Technical notes and procedure for TCCD

TCCD combines Doppler and B-mode imaging to provide both hemodynamic and anatomical visualization of intracranial vessels. A 2-5 MHz phased-array transducer is used. Real-time vessel visualization, facilitating better localization. Ability to measure vessel diameter dynamically, enabling more accurate CBF estimation. The same acoustic windows as TCD are used, but TCCD provides color-coded maps of blood flow superimposed on grayscale images of the cranial anatomy. Vessels are identified based on their location, depth, and flow direction (e.g., MCA shows flow toward the probe, while anterior cerebral artery shows flow away).

TCD and TCCD applications

The applications of TCD and TCCD includes: (1) Assessing vasospasm, intracranial stenosis, emboli detection, and cerebral autoregulation; (2) Estimation of ICP and CPP in neurocritical care settings; (3) Right to left shunting identification (bubble test); and (4) Facilitating simultaneous measurement of flow velocity and vessel diameter for precise CBF calculations.

TCD derived indexes and formulas

Both devices allows to measure blood flow velocities in the Willies circle or polygon main arteries in each cardiac cycle (Figure 6A). An important number of indexes and formulas derivate from that original measurement have been developed: (1) Gosling’s pulsatility index (SFV - DFV/MFV): Represents the degree of variability of speed throughout the cardiac cycle, It depends on the peripheral resistance; (2) Pourcelot’s Resistance index (SFV - DFV/SFV)[26]: Provides information about the resistance to blood flow within the vessel being examined. A higher resistance index indicates greater resistance to blood flow, which can be indicative of vascular pathology such as stenosis (narrowing) or occlusion (blockage) within the vessel. Conversely, a lower resistance index suggests less resistance to blood flow, which may be normal or indicative of increased perfusion; (3) Lindergaard Index (MFV in MCA/MFV in ICA)[27]: The ratio of the MFV in the MCA to the MFV in the internal carotid artery. An index greater than 3 is often interpreted as an indicator of cerebral vasospasm; (4) Bellner et al’s formula[28] for ICP estimation: ICP = 10.93 × pulsatility index - 1.28; (5) Belfort et al’s formula[29] for CPP estimation: CPP = (MFV/DFV) × (MAP - diastolic arterial pressure), where both in MCA; (6) Czyosnika formula for CPP estimation[30]: CPP = MAP × (DFV/MFV) + 14; and (7) CBF estimation: CBF (in ml/minutes) = MFV × π × (vessel diameter/2)² × 60, where MFV = MFV in MCA (in cm/second), vessel diameter = diameter of the cerebral artery (cm).

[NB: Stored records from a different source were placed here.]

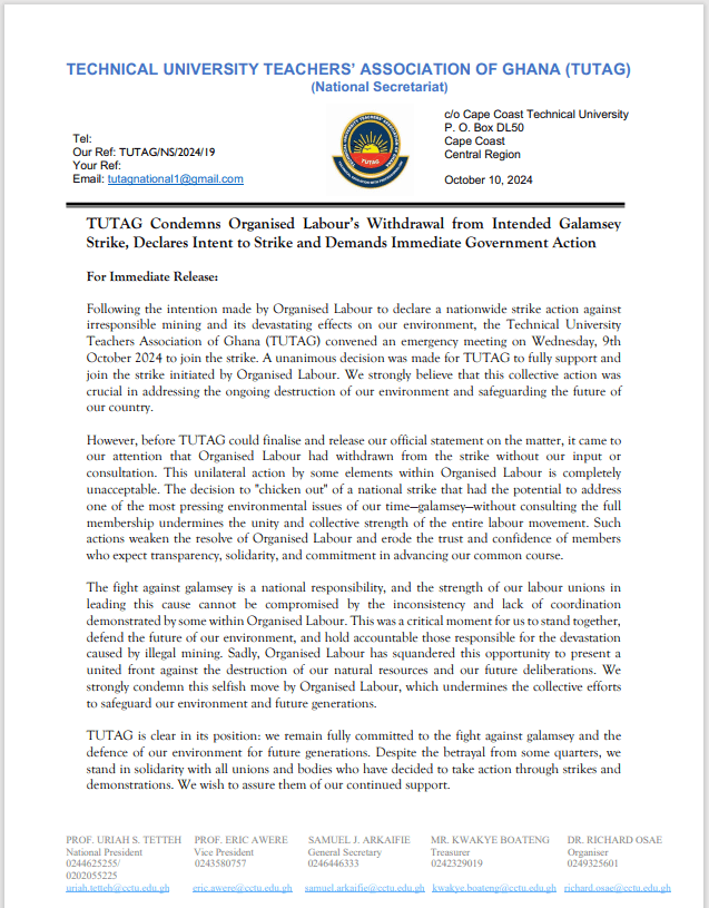 Following an emergency meeting on October 9, 2024, TUTAG expressed disappointment at Organised Labour’s unilateral withdrawal, describing it as a setback in the fight against galamsey. TUTAG accused some elements within Organised Labour of undermining the collective strength of the movement.
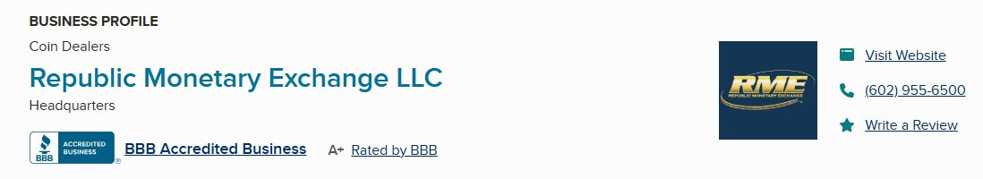 Republic Monetary Exchange holds an A+ rating from the Better Business Bureau. This shows their commitment to fair practices, great customer service, and happy clients in the precious metals world.
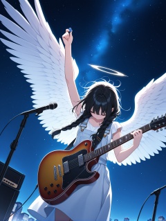 1girl, solo, long hair, black hair, dress, holding, braid, wings, sky, white dress, arm up, night, star \(sky\), feathered wings, instrument, microphone, starry sky, angel wings, white wings, music, angel, guitar, holding instrument, electric guitar, facing down, holding plectrum, Messy hair, crazy hair, Low Angle,Dutch Angle, The overall scene should have a bright and colorful atmosphere, with the main tone being light blue. City Lights Lighting, ,masterpiece,best quality,amazing quality,
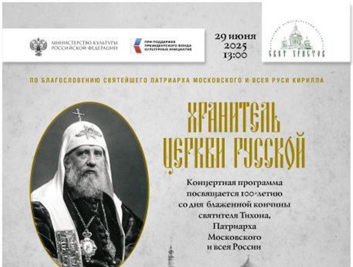 В воскресенье, 29 июня, в 13:00 в зале торжественных собраний Софийского собора (ул. Соколова, 1а) пройдут празднования в честь 100-летия со дня преставления святителя Тихона, патриарха Всероссийского, сопровождающиеся принесением мощей великого святого. В рамках торжеств жители и гости города получат возможность принять участие в концертной программе "Хранитель Церкви Русской". Литературно-музыкальную композицию представят сводный хор Самарской духовной семинарии под руководством профессора И.А.Пециной и Самарский губернский мужской хор "София" под руководством игумена Никона (Ратникова). Кроме того, в концертной программе примут участие струнная группа симфонического оркестра Тольяттинской филармонии под управлением главного дирижера И.А.Мокерова и артисты Самарской филармонии Александр Внуков и Сергей Коргулев. Организатором проведения принесения ковчега с мощами святителя Тихона по благословлению Святейшего Патриарха Кирилла выступает комиссия Русской Православной Церкви по развити
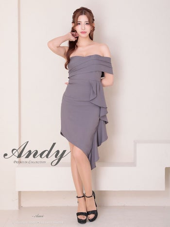 キャバドレス Andy アンディ フリル ワンカラー ワンショルダー オフショル アシンメトリー タック タイトミニドレス

Figure 6 Assessment of cardio-cerebral coupling through ultrasound. A: Transcranial Doppler spectrum real measurements; B: Mitral annulus plane systolic excursion measurements; C: E point septal separation; D: Ejection fraction by biplane Simpson’s method; E: Left ventricular outflow tract velocity time integral measurement; F: Transmitral Doppler. Left: Normal biphasic morphology, showing distinct E and A waves. Right: Normal triphasic morphology, with the addition of an L wave observed between the E and A waves. LVOT VTI: Left ventricular outflow tract velocity time.

The CBF formula has been validated in two notable studies. Miyazawa et al[31] investigated the relationship between MCA MFV measured by TCD and CBF measured by single positron emission computed tomography imaging, using a three-dimensional stereotaxic region of interest template program. To account for variations in MCA cross-sectional area on brain blood flow estimation, they calculated MCA blood flow as the product of MCA MFV and MCA cross-sectional area, with MCA cross-sectional area estimated by magnetic resonance angiography. Their key findings demonstrated that TCD-measured brain blood flow indices, including MCA DFV and MFV, correlated significantly with total brain blood flow measured via standard single positron emission computed tomography. Moreover, this correlation improved when MCA blood flow, calculated as the product of MCA MFV and MCA cross-sectional area (from magnetic resonance angiography), was used as a TCD-derived index of brain blood flow. Jarrett et al[32] studied healthy volunteers to evaluate MCA diameter and flow velocities using TCCD, both with and without pharmaceutically induced vasodilation using nitroglycerin. This study provided valuable methodological insights, confirming real-time changes in MCA diameter during vasodilation. Their findings highlighted a robust approach to measuring both MCA flow velocity and diameter simultaneously, facilitating more accurate assessments of MCA blood flow.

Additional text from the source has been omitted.